5x5 is fine if you want to be a powerlifter, but I'd say it depends what your goal is. At our age, I'd suggest (just my thoughts) that your goal should be mobility, range of motion, preserving muscle mass, and aesthetics as we get older - not being a bag of bones.
Focusing on "strength" i.e. the numbers on your lifts is counter-productive IMO, because we are not furniture movers, it doesn't really matter what amount of weight you can move.
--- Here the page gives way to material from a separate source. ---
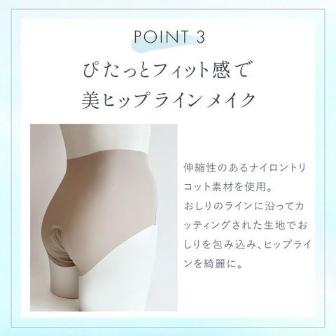 おへそまでカバーする深ばき仕様で、ウエストからヒップまでをすっぽりと包み込みます。お尻のラインに沿ったカッティングで、流れたお肉をきれいに包み込み、美しいヒップラインを演出。
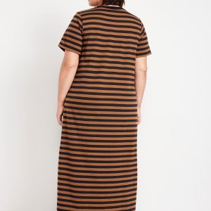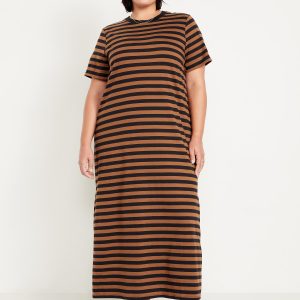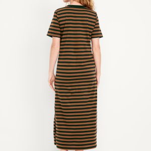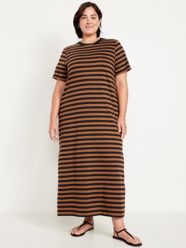 Vintage Crew-Neck Maxi T-Shirt Dress: A super relaxed fit with lived-in feels.rib-knit crew neck, short sleeves, side slits, striped print, #705306

Without steroids you're also not going to gain any significant amount of muscle after 40, so the goal shifts.
I generally only squat 135lbs x10, but I do a lot of other things on leg/core day. Here's what I do:
Back Squat - Barbell - 3 sets of 10
Deadlift - barbell - 3 sets of 10
Bulgarian split squat - 3 sets of 10
Hip Thrusters - machine - 3 sets of 10
30" Box step ups with 45 pounds weight - 3 sets of 10
30" Box jumps with 25 pounds weight - 3 sets of 10
Leg Press - machine - 3 sets of 10
Calf raises - machine - 3 sets of 20
Good mornings with 45 pounds - machine - 3 sets of 10
Suspended leg raises - unweighted - 3 sets of 10
Leg extensions - Machine - 3 sets of 10
Hamstring curls - machine - 3 sets of 10
Standing core cable twist - pulleys - 3 sets of 10
Incline sit-ups with 25 pound weighted ball - 3 sets of 10
Mason twist with 5 pound ball - 1 set of 40
Oblique v-ups - 1 set of 25 each side
I don't rest between sets really, I just walk from one set to another. That entire routine takes me and the wife about 65-70 minutes. SL 5x5 is fine and a good program for building strength but honestly strength isn't that helpful, I've gotten WAY better results training for volume and ignoring the numbers on the lifts.